Щастье - Фигль-Мигль 19 стр.


— Присаживайся, сын добра, и будь другом наших наслаждений!

— А, у вас мода на арабские сказки. — Фиговидец милостиво покивал. — И гляди-ка, — обернулся он ко мне, — они расстелили скатерти с кушаньями, и устроили празднества, и украсили город, и все воины надели самые роскошные платья. Так пристроимся и пригубим?

Мы пристроились, и пригубили, и перестали быть центром внимания. Речь вернулась к кому-то по имени Кадавр.

— Мне видны на твоём лице многие слова, — озабоченно сказал хозяин (действительно благообразный, но старше, чем я предполагал) Фиговидцу. — Ты на него ещё сердишься?

— Сержусь и намерен сердиться до конца моих дней.

— А я говорю, что он хороший поэт.

Это сказал Алекс. На ковре чуть поодаль кучей лежали подушки в тёмных шёлковых чехлах; из-за них он и поднял красивую взлохмаченную голову.

— Он умеет заставить. Ты уже и книжку закрыл, и ни одной строчки точно не запомнил — а что-то поёт в тебе, поёт само по себе; как вот после грозы будет с крыш литься. Разнообразия в нем нет, но оно ему и не нужно. Он не убеждает, он завораживает. Привет, Разноглазый.

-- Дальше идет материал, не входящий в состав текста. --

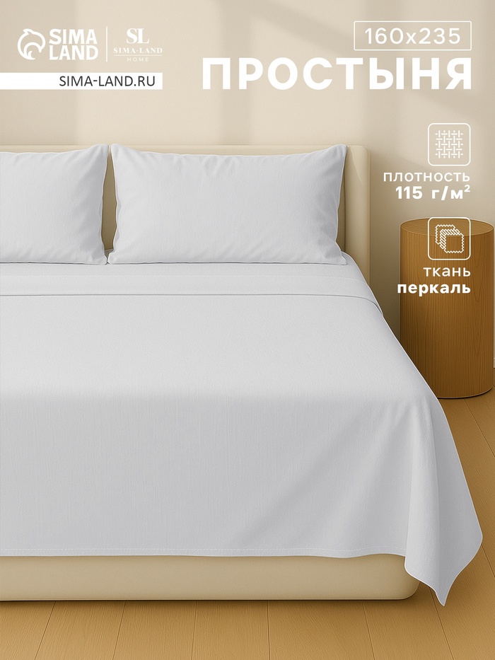 Простыня 1.5-спальная SL Home Percale 300ТС, 160×235 см, серая, хлопок 100% 10 фото
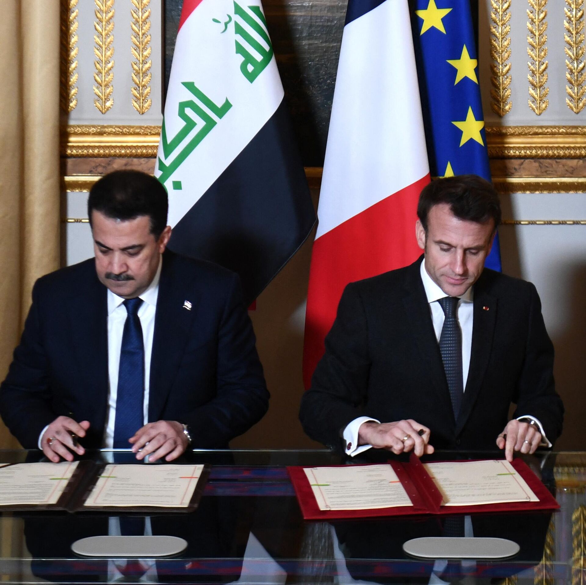 وقع رئيس الوزراء العراقي محمد شياع السوداني مع الرئيس الفرنسي إيمانويل ماكرون اتفاقية شراكة استراتيجية. 27.01.2023, سبوتنيك عربي
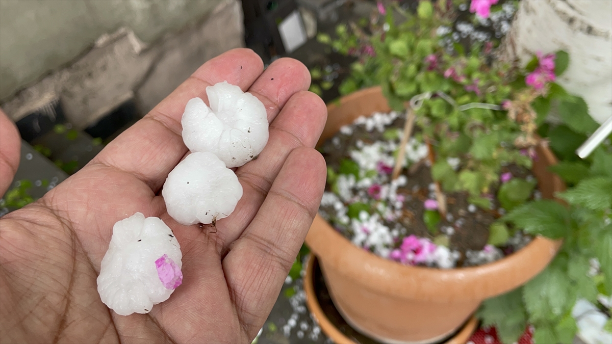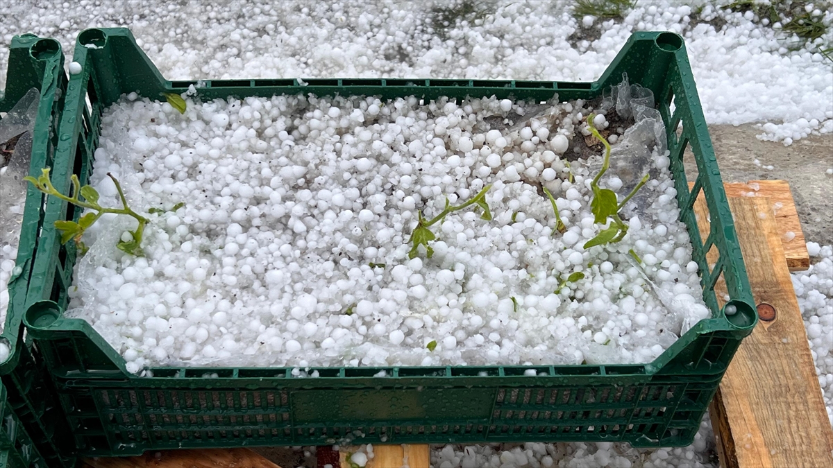 Dolu nedeniyle ağaç dalları kırıldı, bazı noktalarda su birikintileri oluştu.
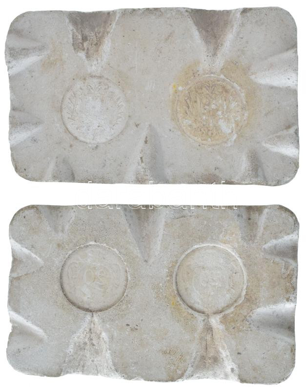 Description: Ausztria DN (~1892-1914) 2 darabból álló gipsz öntőminta az osztrák 20 Heller-es érméhez (~53x87mm) T:VF,F
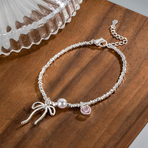 Squisita dolce ragazza argento placcato Y2k rosa braccialetto pendente con cuore di pizzo con fiocco di perle per le donne
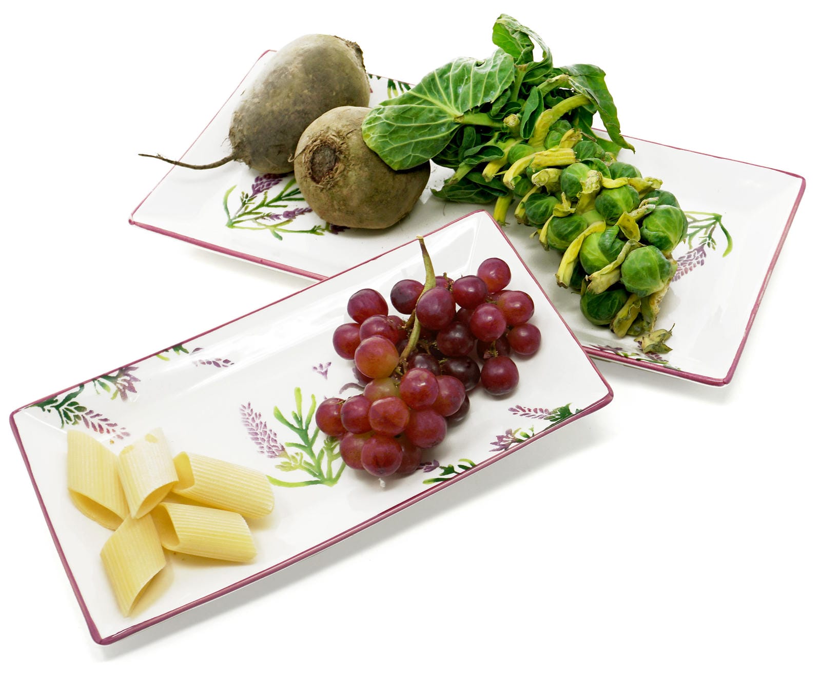 tiefe Obstplatten 28x15 cm - 38x18 cm, Servierteller Set 2 teilig, Speiseteller lila Lavendel
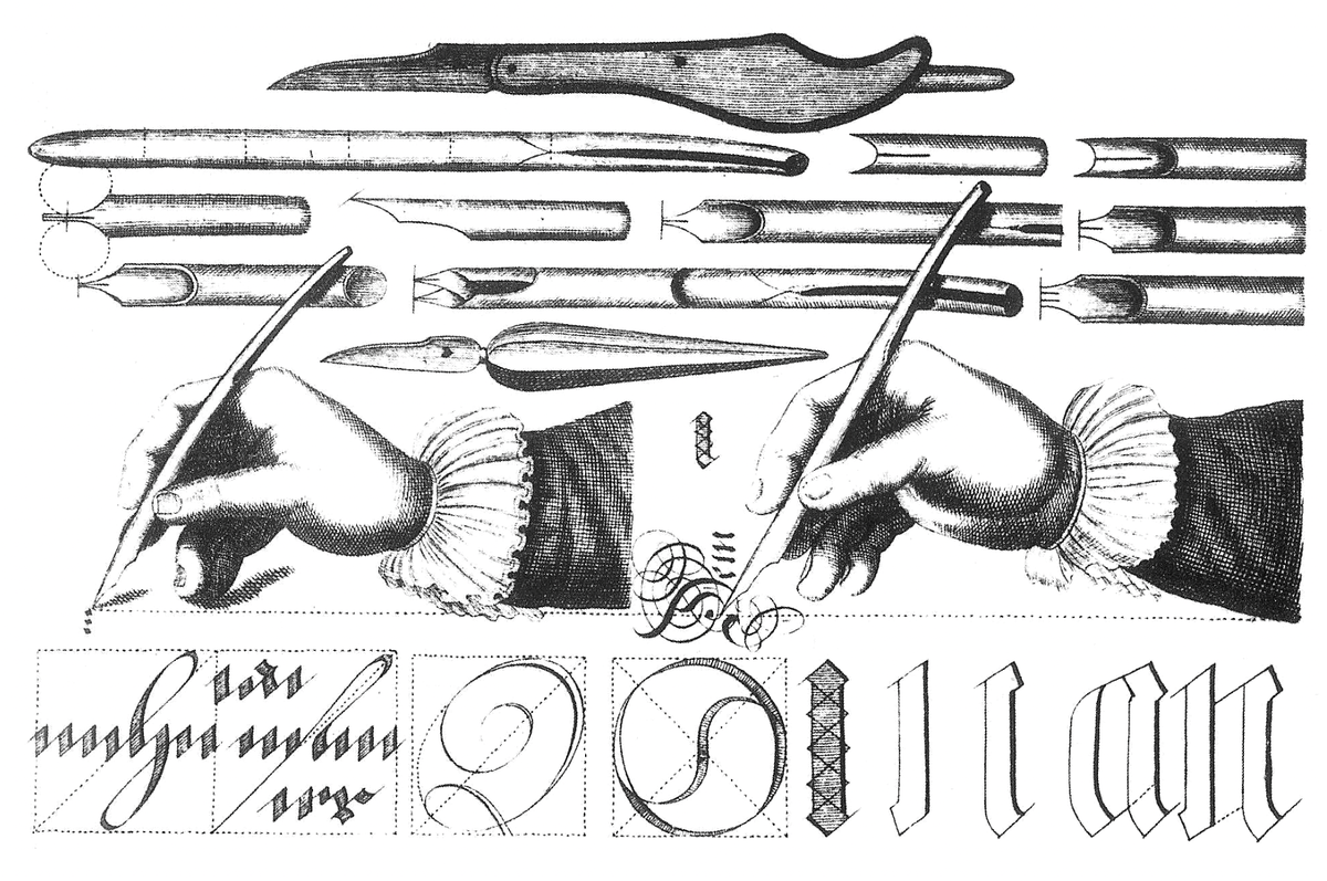 По жесткости линии Калям ближе к металлическому ширококонечному перу, чем к птичьему. Мел и уголь — одни из самых ранних инструментов, задававших форму знаков. Процесс письма дробился на серии мелких тычков. Птичье перо — очень мягкий, пластичный инструмент. Кончик пера делался широким и срезался под углом, далее перо закаливалось в горячем песке, что давало регулярный вертикальный или наклонный штрих с тонкими переходами. Характерным артефактом перьевого письма является клякса. Стилос — инструмент для письма по восковой дощечке в вид

— А, — крикнул Фиговидец, — пусть твой рот заполнится землёй и камнями! Да разве же меня интересует, хороший он поэт или плохой?

— Но хорошим нужно прощать.

Прощать? Нужно прощать? Прекрасно. Хоть бы ты думал изредка своей пижонской головой, что ты говоришь. Ты родной сестре простить не можешь, а я должен прощать этой скотине — и только из-за того, что у кого-то что-то там поёт по его милости. А у меня не поёт! И не запоёт! Никогда не пело! Дерьмо в картонке!

— Очень образно.

Рядом с головой Алекса появилась ещё одна. Брат и сестра были во всём непохожи, но иногда казались близнецами: нечто большее, чем сходство, мелькало в глазах, губах, движениях. Их голоса звучали одинаково мягко; недоброжелатель мог, уцепившись за большую отчётливость насмешки, домыслить в голосе сестры и большую твёрдость, ту вестницу действительных жестокости и упорства, которая медлит на пороге благовоспитанной интонации, не входя и не уходя.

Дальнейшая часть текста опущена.